Paul Crowley ([info]ciphergoth) wrote in [info]trustmetrics,
@ 2003-07-09 10:43:00
Previous Entry  Add to memories!  Tell a Friend!  Next Entry
Simple trust metric
Here's a simple trust metric. As usual, nodes are people and directed arcs denote that A confers trust onto B.

We each have a litre bucket. When the bucket overflows, water runs equally down each outgoing arc into the buckets at the other end. To assess who I trust, I simply start pouring water into my own bucket; the order in which other buckets become full to overflowing is their trust rank.

Update with notes:

Dead Ends: Where water has nowhere to go, it runs off the edge of the graph. This happens to water that flows into a subset of nodes all of which are full, with no arcs leaving the subset; the simplest example is a full bucket with no outgoing arcs.

Determining which nodes are dead ends is like determining "unreachability" in garbage collection. Reverse all the arcs, add a "special" node with an arc to each non-full bucket, determine which nodes are reachable from this special node with a standard depth-first search. Those nodes which are not reachable are dead ends.

Monte Carlo implementation: A bucket contains at most n droplets. Each droplet starts from your own bucket. A droplet hitting a full bucket chooses an outgoing arc at random to follow. Repeat until you have enough trusted people. You can explicitly detect dead end conditions, or you can give each droplet a maximum number of transitions before it "evaporates". The higher n is, the longer it will take to run and the greater the precision of your trust ranking.

Deterministic implementation: If water is pouring into my bucket at a constant rate, the rate at which each non-full bucket is filling up is defined by a set of linear equations. Find the "dead ends", determine the set of linear equations, solve, and determine which bucket(s) is going to fill next and how much water it will take. Add exactly that much water, add the newly filled buckets to the trust list, and iterate.

Incomplete knowledge: This metric is designed to work in a situation where each node advertises its outgoing arc list on a different Web page - you don't need to know the whole graph to answer the question "which node do I trust next", you only need the outgoing arc list of nodes you already trust. This applies to both implementations.



(Post a new comment)


[info]vampwillow
2003-07-09 09:22 am UTC (link)
I need to ask a question on this as it otherwise makes no sense.
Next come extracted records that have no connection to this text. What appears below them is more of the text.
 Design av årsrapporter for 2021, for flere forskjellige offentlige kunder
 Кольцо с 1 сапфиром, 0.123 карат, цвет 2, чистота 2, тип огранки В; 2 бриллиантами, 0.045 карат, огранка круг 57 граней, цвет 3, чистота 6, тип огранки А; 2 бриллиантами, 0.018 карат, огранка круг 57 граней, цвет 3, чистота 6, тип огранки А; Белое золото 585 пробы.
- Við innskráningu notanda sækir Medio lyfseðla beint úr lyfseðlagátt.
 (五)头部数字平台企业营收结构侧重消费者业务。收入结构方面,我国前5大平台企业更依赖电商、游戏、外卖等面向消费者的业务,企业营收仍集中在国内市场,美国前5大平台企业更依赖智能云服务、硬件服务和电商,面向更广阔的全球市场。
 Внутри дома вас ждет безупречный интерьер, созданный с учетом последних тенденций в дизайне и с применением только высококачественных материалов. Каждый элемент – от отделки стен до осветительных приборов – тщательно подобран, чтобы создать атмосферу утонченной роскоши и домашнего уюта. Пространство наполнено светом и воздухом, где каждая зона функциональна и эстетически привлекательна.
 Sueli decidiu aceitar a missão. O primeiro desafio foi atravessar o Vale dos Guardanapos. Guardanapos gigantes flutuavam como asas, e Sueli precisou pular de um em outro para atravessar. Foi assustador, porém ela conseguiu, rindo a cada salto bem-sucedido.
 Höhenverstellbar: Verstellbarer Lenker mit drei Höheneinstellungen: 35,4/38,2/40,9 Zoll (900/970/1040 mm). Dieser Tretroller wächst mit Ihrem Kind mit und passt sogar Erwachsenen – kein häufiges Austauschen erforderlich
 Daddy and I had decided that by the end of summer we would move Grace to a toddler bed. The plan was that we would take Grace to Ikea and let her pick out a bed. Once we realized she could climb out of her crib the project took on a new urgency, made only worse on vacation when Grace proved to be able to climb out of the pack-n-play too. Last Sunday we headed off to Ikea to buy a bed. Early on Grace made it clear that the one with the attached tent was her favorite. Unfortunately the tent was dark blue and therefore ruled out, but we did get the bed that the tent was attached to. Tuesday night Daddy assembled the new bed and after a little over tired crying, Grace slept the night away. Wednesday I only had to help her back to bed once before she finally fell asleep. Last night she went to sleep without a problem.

As I see it there are two options; either all the buckets are empty, albeit each bucket-owner has set the distribution of their overflow, and you are the only one adding water until such time as you find that someone becomes trustable, or each person starts by trusting themselves (a 'full' bucket) and you are only adding to your own full bucket to see where the overflow goes, but this would mean your trust would be based upon other's levels of trust to an over-ridable level.

or have I misunderstood the source of new water?

(Reply to this) (Thread)


[info]ciphergoth
2003-07-09 09:44 am UTC (link)
The former, pretty much - if I want to know who I trust, I start with all the buckets empty, then start adding water to my bucket, and everyone gets a "trust rank" showing how much I trust them in order.

(Reply to this) (Parent)


[info]naturalborn
2003-07-10 12:08 pm UTC (link)
This is very similar in flavor to advogato's current trust metric. The main API difference is that it creates ordinal rankings. To weed stuff out based on it you'd presumably have to set a threshold. Advogato currently has multiple manually tweaked thresholds based on minimum distance, so a single simple one would be a big improvement.

Your system has some nice game-resistance properties. It can neither help nor hurt a peer's own status to cert other peers. However, the system can be gamed a little bit by trading certs with peers, so as to utilize water which would otherwise be wasted by being a dead end.

(Reply to this) (Thread)


[info]ciphergoth
2003-07-10 01:12 pm UTC (link)
Thanks for your comments!

Exactly as you say, you just decide how many people to trust and you get that many people or so back from the metric. The "or so" is because some people may rank equally.

There are some big differences with Advogato. For one thing, it's deterministic; Advogato gives different rankings given isomorphic graphs, because Ford-Fulkerson doesn't treat isomorphic graphs the same. But the most important difference is that it works on incomplete graphs. And of course it's considerably simpler than Advogato.

TBH it seems as if Raph must have considered and rejected this metric before inventing the Advogato metric, but I'd be curious to know why; it's not in his draft PhD thesis.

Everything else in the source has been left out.